A magnificent woodland and water gardens full of rare, exotic and unusual plants. The plant collection includes specimens from many parts of the world, the National Collection of Stewartia Trees and the best natural wildflower meadow in Sussex.


Tuesday, 8 July 2014

Stewartia sinensis


The Stewartias at High Beeches are in flower.

A small genus of ornamental trees and shrubs related to the camellia.

Stewartia sinensis has attractive peeling bark and good autumn colour.  A native of central China and introduced to the UK by Ernest Wilson in1901.  A highly desirable ornamental tree but rare in cultivation.

Tuesday, 24 June 2014

Quercus oxyodon

A rare oak, Quercus oxyodon, is flowering at High Beeches.

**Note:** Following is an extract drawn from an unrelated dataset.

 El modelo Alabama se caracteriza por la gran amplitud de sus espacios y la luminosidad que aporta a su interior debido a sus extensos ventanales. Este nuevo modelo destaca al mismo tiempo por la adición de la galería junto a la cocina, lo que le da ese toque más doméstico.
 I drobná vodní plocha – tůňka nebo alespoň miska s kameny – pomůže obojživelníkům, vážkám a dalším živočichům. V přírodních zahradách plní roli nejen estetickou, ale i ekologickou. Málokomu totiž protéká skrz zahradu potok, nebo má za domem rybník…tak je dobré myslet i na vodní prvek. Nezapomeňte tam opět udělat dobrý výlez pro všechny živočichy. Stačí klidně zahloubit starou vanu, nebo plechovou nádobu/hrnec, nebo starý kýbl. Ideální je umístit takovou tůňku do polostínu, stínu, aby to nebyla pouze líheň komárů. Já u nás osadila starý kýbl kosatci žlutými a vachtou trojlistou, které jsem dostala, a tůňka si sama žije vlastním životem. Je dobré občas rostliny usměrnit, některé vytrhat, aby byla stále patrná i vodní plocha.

Although evergreen Quercus oxyodon sheds its leaves in the spring and then flowers before producing new foliage in the summer.  It is a low growing tree of up to 10 metres in height with wide spreading branches.

 A native of China and probably introduced by Ernest Wilson in 1900.

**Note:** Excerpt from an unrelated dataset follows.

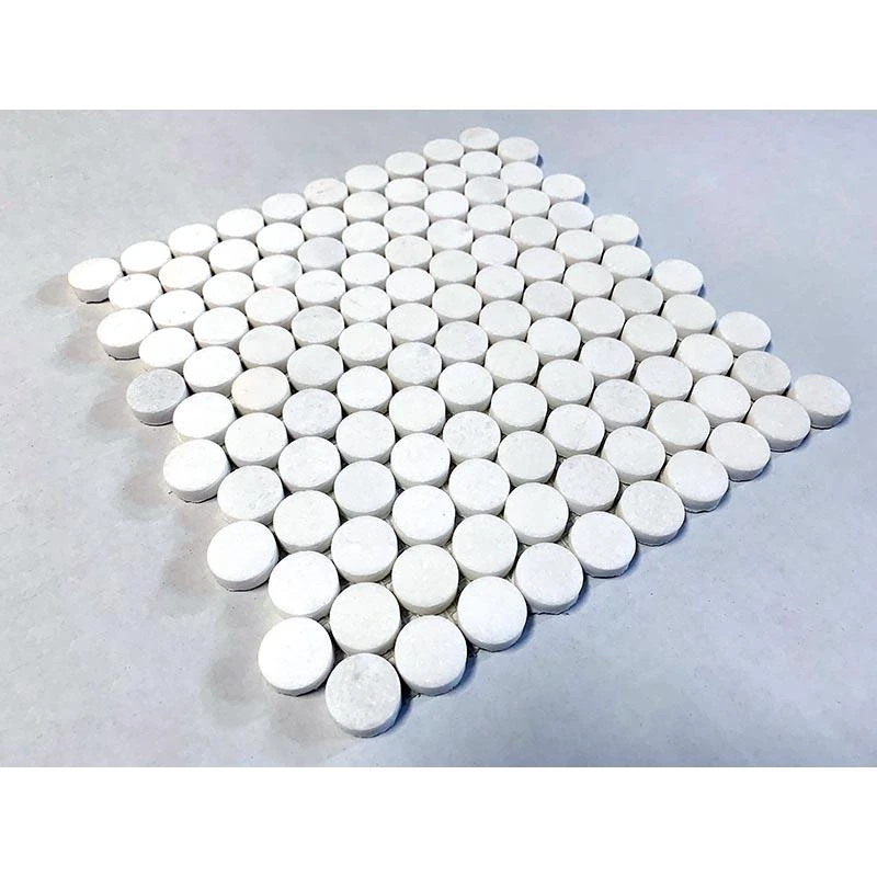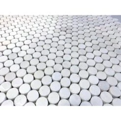 When it comes to white marble tiles for your home or business, it doesn’t get any more classic than our Thassos white penny round tiles! These 1” round mosaic tiles combine the timeless circular shape that is popular for white kitchen backsplashes and shower tiles with the luminous sheen of Thassos marble. They’re a gorgeous choice for a backsplash insert over your stove to pair with other white marble wall tiles, or a petite pattern for your flooring where you want to prioritize style and safety! The polished finish of these tiles allow the white marble to sparkle in natural light, giving your home a luminous glow that will dazzle on your bathroom wall or in a walk-in shower! It’s a gorgeous interior pick for floors throughout your home, as well as in a commercial setting! Whether you’re sticking with white cabinets and counters to create a light and airy farmhouse kitchen, or want to pair it with bold paint colors like Classic Blue or patterned wallpaper, they’re a classic way to add tile elements throughout your home with the long-lasting beauty and style of white marble.

The tree at High Beeches is an old one.  There is another at Caerhays planted in l919 but there is a debate as to whether or not they are the same plant.
A small number of other gardens have young plants, including Nymans and Chevithorne Barton.

Tuesday, 17 June 2014

Liriodendron tulipifera

A large tree of up to 30 metres in height.  The tulip tree has very distinct foliage, which turns golden-yellow in autumn.  It flowers in June and the flowers are not unlike tulips hence its name.  It is an early introduction to this country from North America, the first record of at Tulip Tree is from 1688 and it may well have been introduced earlier.
The magnificent Tulip Tree at High Beeches grows on the bank between the road and the car park and was probably planted in the early 1900s.


Friday, 6 June 2014

In praise of buttercups and Ox-eye Daisies

The Ox-eye Daisy, Moon Daisy or Dog Daisy Leucanthemum vulgare , a member of the Asteraceae family, is the largest native daisy and a familiar sight brightening many a road side verge.

The daisies and buttercups turn the meadow at High Beeches into a haze of white and gold in June, particularly beautiful in the evening light.  They attract, along, with the other wildflowers, a huge number of insects and butterflies to the meadow.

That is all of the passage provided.